26 Jun, 2002 By: Joan Villa

SAN ANTONIO – Video prices studios charged Blockbuster under revenue-sharing deals were significantly less than prices charged to distributors selling to independent retailers, a Stanford University economist appearing for retail plaintiffs testified today in an antitrust case in U.S. District court.

In testimony often peppered with defense objections, Prof. James Sweeney said he concluded from studying studio agreements that Blockbuster's average movie acquisition costs were about 12 percent less overall than pricing terms offered through wholesalers.

"That's big," he said. "It could make the difference between viability and bankruptcy" for independents.

Sweeney attributed the price difference to a "set of decisions" studios made to withhold competitive revenue-sharing terms from independents, rather than market conditions.
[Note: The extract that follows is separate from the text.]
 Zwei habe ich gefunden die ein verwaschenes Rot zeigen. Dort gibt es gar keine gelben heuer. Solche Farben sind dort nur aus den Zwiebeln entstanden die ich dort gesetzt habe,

Such "parallel activity" on the part of all studios, acting against individual self-interest but benefiting the group as a whole, is what economists look for in collusive behavior or conspiracy, he explained.

"The parallel activity was a failure to provide contracts to independents through distribution or any other means that would allow them to have a cost of goods nearly equivalent to Blockbuster," Sweeney said.
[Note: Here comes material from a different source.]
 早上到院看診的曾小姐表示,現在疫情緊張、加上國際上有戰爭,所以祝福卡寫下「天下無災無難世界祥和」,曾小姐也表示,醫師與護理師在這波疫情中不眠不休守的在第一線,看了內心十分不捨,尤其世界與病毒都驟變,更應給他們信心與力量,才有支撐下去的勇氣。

Pricing contracts often contained "subtle but very important differences" in terms between what a retailer might pay through revenue-sharing distributor Rentrak and what Blockbuster paid in output agreements with studios beginning in 1997, he said.
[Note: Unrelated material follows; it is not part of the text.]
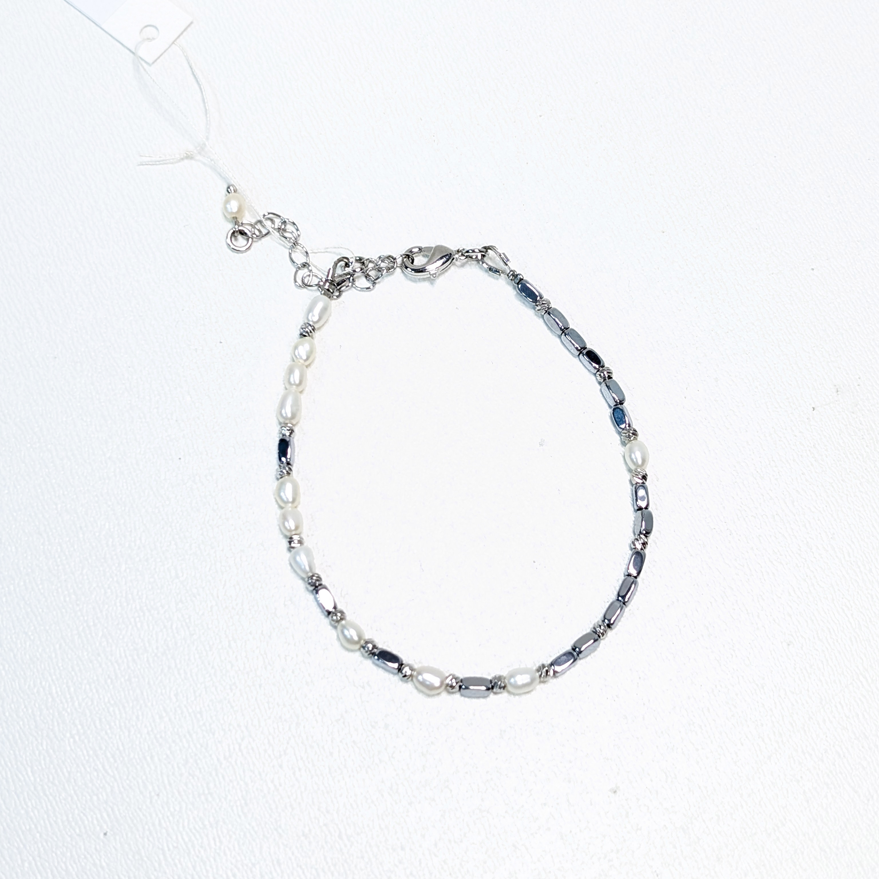 Браслет с натуральным жемчугом и гематитом.

"The terms were different, the revenue split was different and that's why I conclude these were very different," he emphasized. "They're not the same deal."

For example, Rentrak required a minimum transaction fee of $1.20 to $1.40 per rental from independent retailers, while Blockbuster's transaction fees were applied to average purchases for a given title, he said. This meant that independents who offered free rental coupons or specials such as "rent two, get one free" would still be required to pay transaction revenue to Rentrak on the free rentals, while Blockbuster's fee would not include such offers, he testified.

Early in his cross-examination, defense attorney Lee Godfrey disputed many of Sweeney's findings and argued that Blockbuster's deals through Warner Home Video and MGM Home Entertainment actually produced higher cost of goods for Blockbuster than for wholesalers.

Godfrey also questioned that Sweeney's analysis looked at the overall market rather than the specific market areas, purchases or prices paid by the three individual plaintiffs in the case: John Merchant of 49'er Video in Sacramento, Ron Cleveland of Lonestar Video in San Antonio and David Stevenson of The Big Picture Video in Syracuse, N.Y.

After unexpectedly paring down their witness list, plaintiffs expect to conclude their case today after calling their final witness, Blockbuster CEO John Antioco. Cut from the list of scheduled witnesses was Ben Feingold, president of Columbia TriStar Home Entertainment, and taped depositions from Blockbuster executive Dean Wilson and distributor Ron Eisenberg of ETD.